## WHAT THE TASK ASKS
In your copy, repeat the records exactly and leave out the pictures.

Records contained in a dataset
- - - -

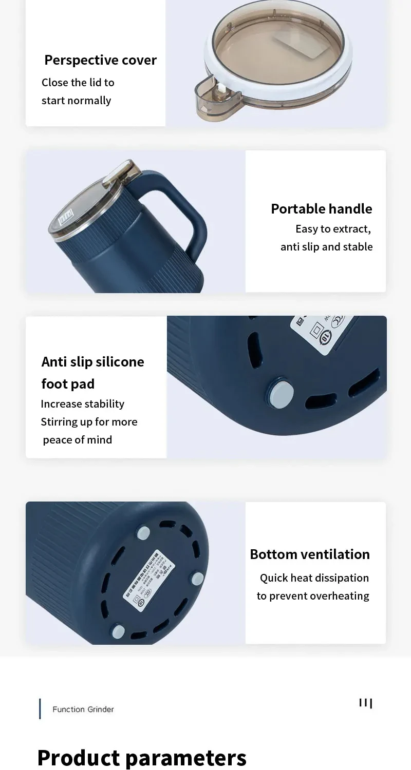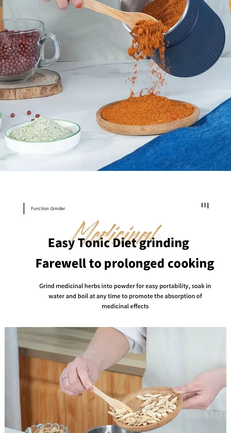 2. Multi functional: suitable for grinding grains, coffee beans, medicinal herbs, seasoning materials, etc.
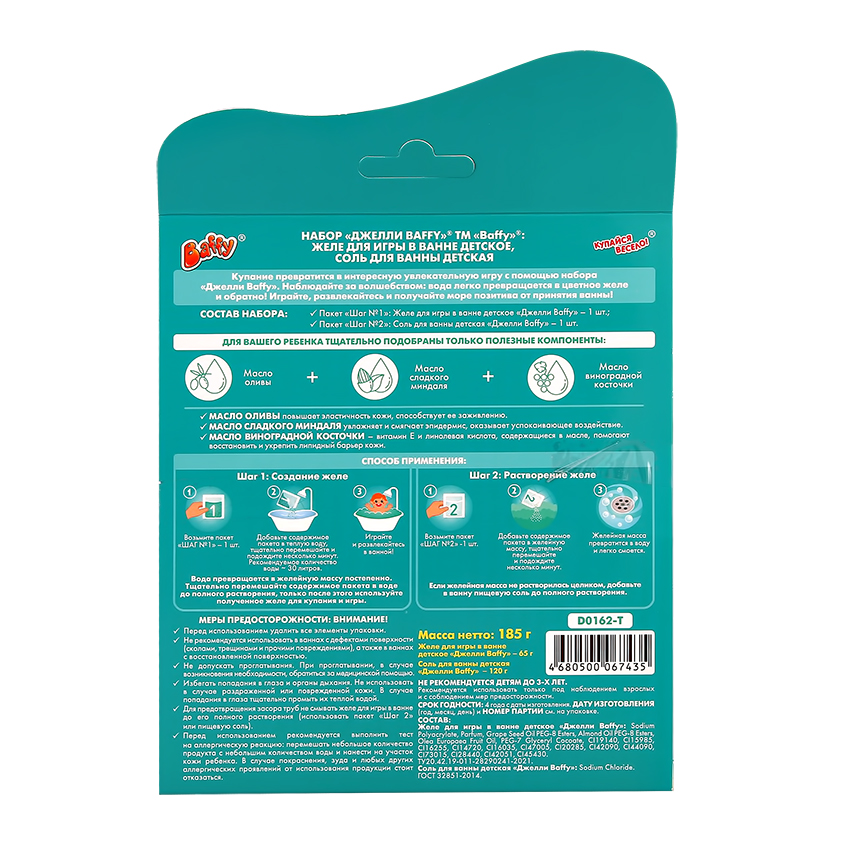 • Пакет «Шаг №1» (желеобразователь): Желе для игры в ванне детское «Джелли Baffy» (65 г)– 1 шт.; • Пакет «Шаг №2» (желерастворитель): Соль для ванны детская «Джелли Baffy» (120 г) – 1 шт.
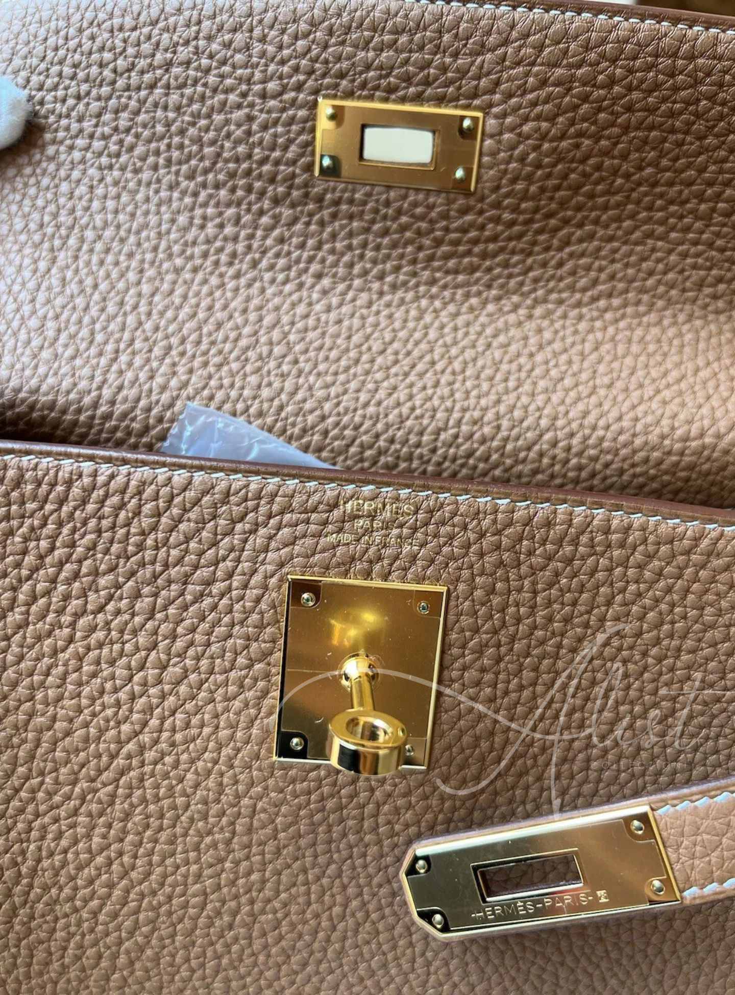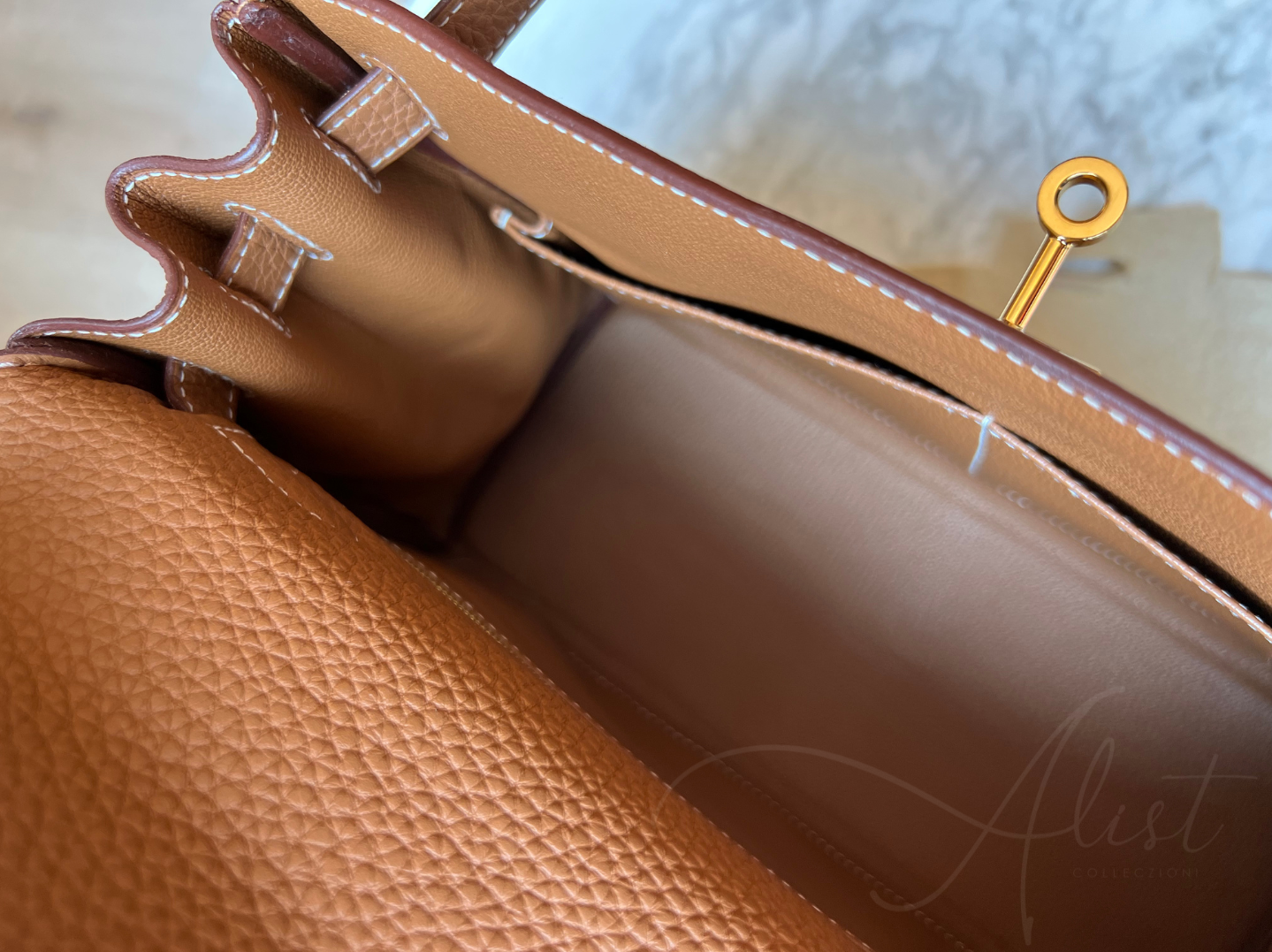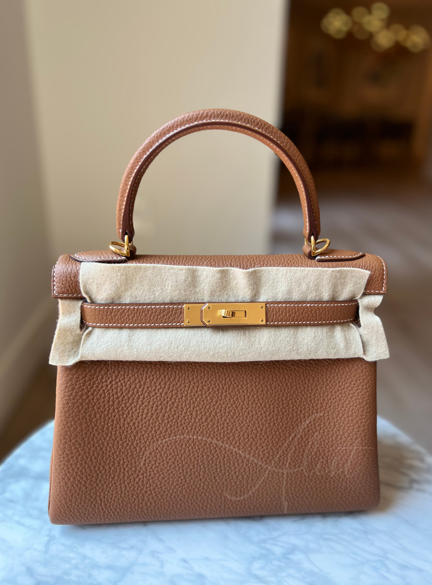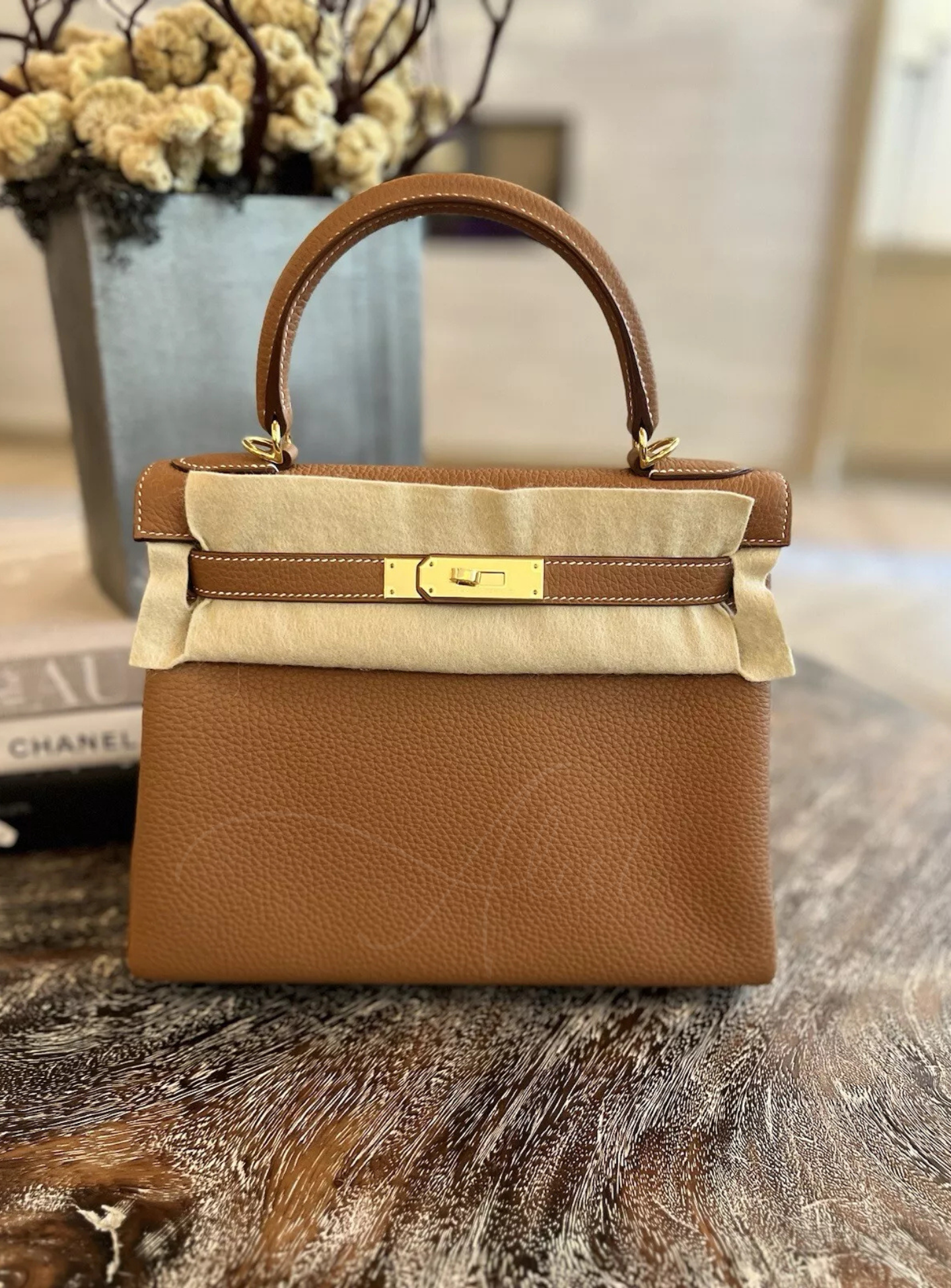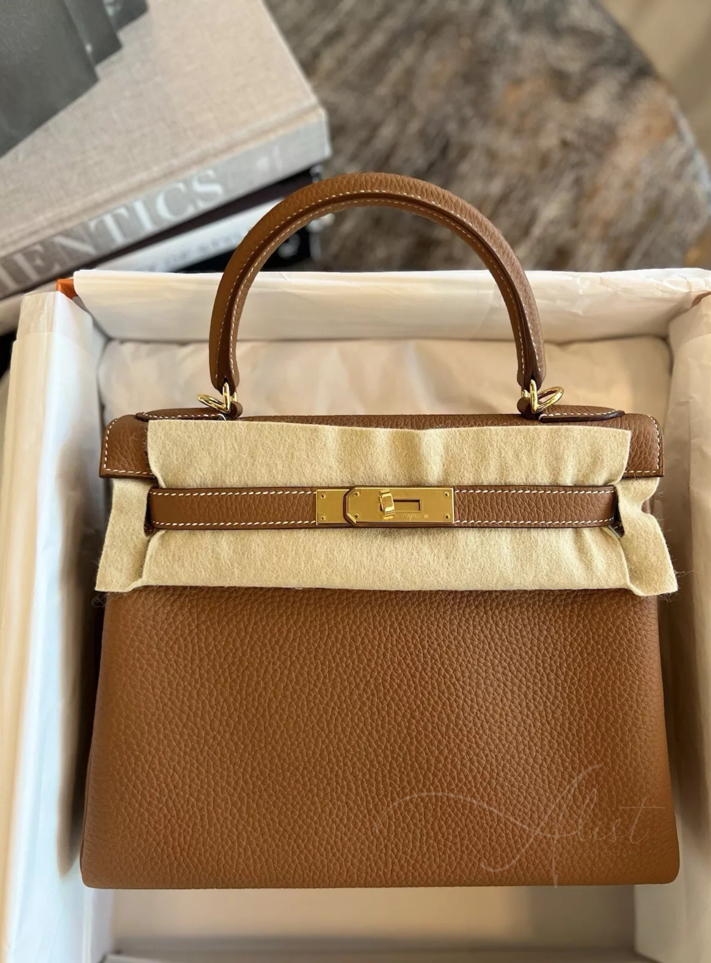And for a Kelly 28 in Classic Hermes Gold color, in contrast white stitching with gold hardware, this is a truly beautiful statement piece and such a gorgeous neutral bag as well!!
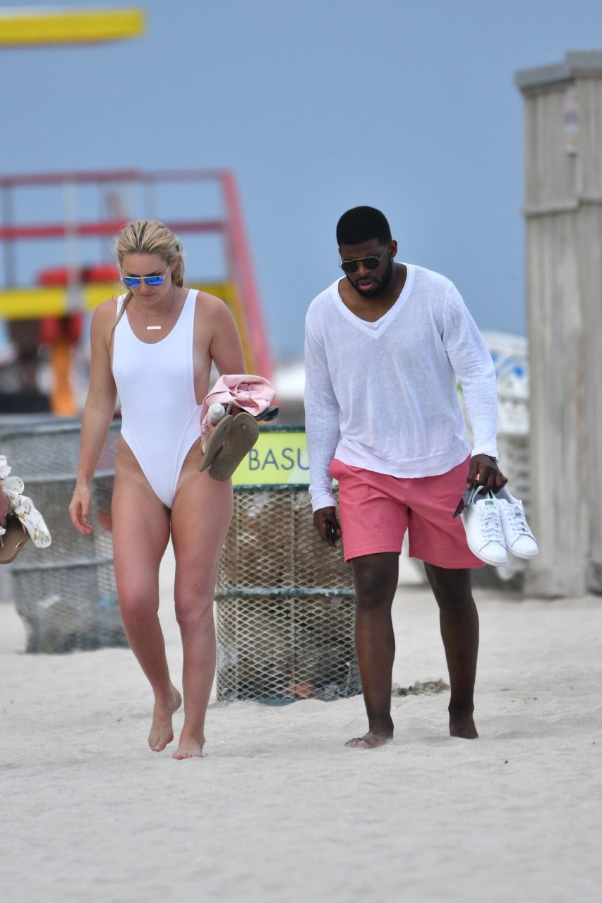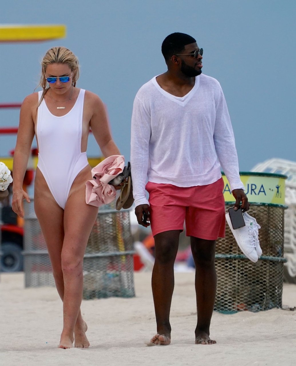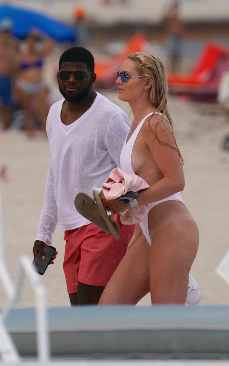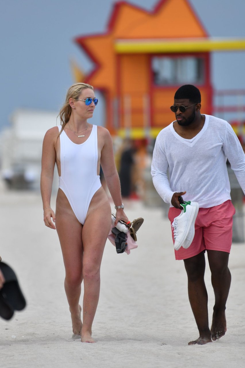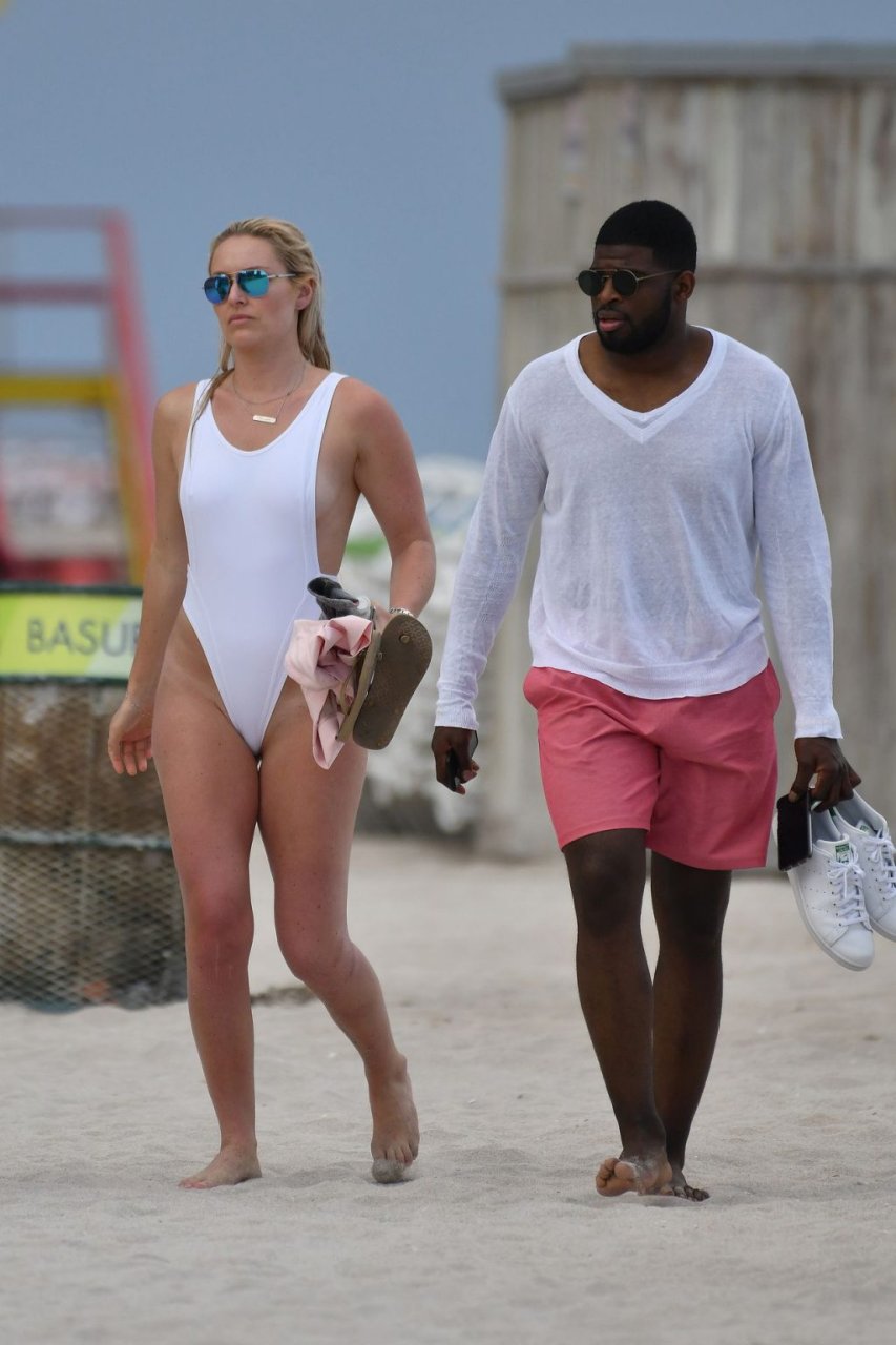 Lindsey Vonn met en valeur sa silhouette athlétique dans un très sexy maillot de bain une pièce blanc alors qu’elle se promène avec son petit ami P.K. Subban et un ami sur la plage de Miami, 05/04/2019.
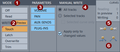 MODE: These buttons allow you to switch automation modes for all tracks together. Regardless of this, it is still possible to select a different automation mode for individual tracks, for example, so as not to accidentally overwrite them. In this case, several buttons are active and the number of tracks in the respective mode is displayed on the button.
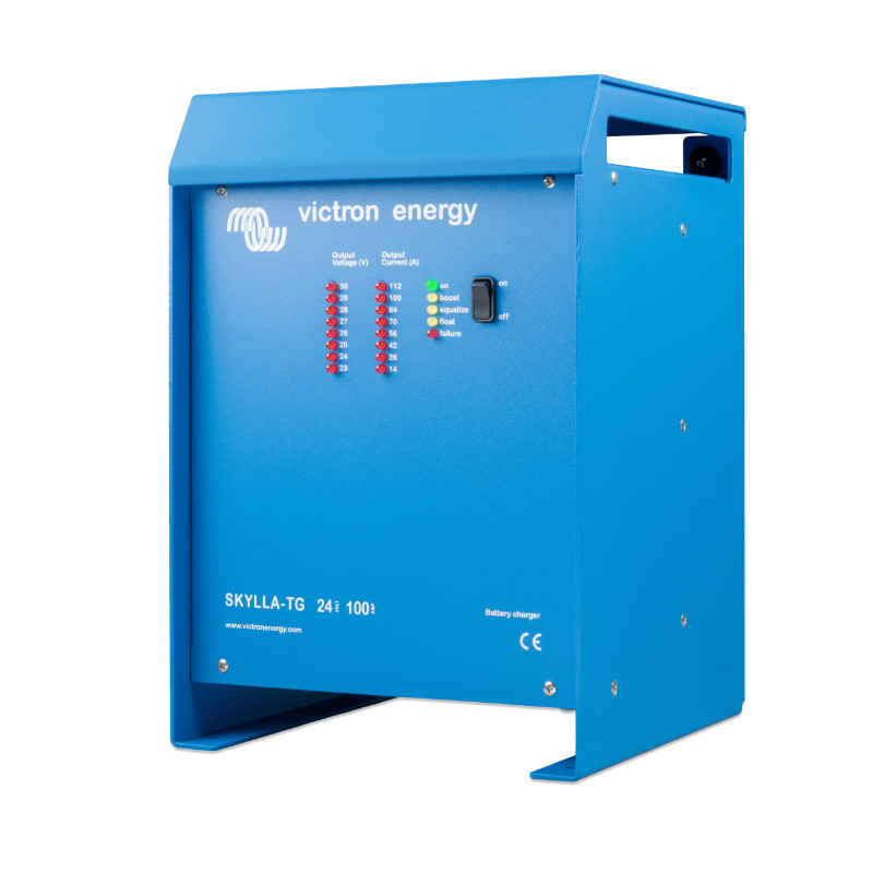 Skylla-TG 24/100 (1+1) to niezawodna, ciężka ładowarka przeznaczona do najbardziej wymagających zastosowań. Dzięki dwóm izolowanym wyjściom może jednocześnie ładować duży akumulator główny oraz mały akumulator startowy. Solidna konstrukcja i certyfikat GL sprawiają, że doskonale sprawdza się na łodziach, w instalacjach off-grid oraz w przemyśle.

- - - -

## EXERCISE SOLUTION
 2. Multi functional: suitable for grinding grains, coffee beans, medicinal herbs, seasoning materials, etc.
 • Пакет «Шаг №1» (желеобразователь): Желе для игры в ванне детское «Джелли Baffy» (65 г)– 1 шт.; • Пакет «Шаг №2» (желерастворитель): Соль для ванны детская «Джелли Baffy» (120 г) – 1 шт.
And for a Kelly 28 in Classic Hermes Gold color, in contrast white stitching with gold hardware, this is a truly beautiful statement piece and such a gorgeous neutral bag as well!!
 Lindsey Vonn met en valeur sa silhouette athlétique dans un très sexy maillot de bain une pièce blanc alors qu’elle se promène avec son petit ami P.K. Subban et un ami sur la plage de Miami, 05/04/2019.
 MODE: These buttons allow you to switch automation modes for all tracks together. Regardless of this, it is still possible to select a different automation mode for individual tracks, for example, so as not to accidentally overwrite them. In this case, several buttons are active and the number of tracks in the respective mode is displayed on the button.
 Skylla-TG 24/100 (1+1) to niezawodna, ciężka ładowarka przeznaczona do najbardziej wymagających zastosowań. Dzięki dwóm izolowanym wyjściom może jednocześnie ładować duży akumulator główny oraz mały akumulator startowy. Solidna konstrukcja i certyfikat GL sprawiają, że doskonale sprawdza się na łodziach, w instalacjach off-grid oraz w przemyśle.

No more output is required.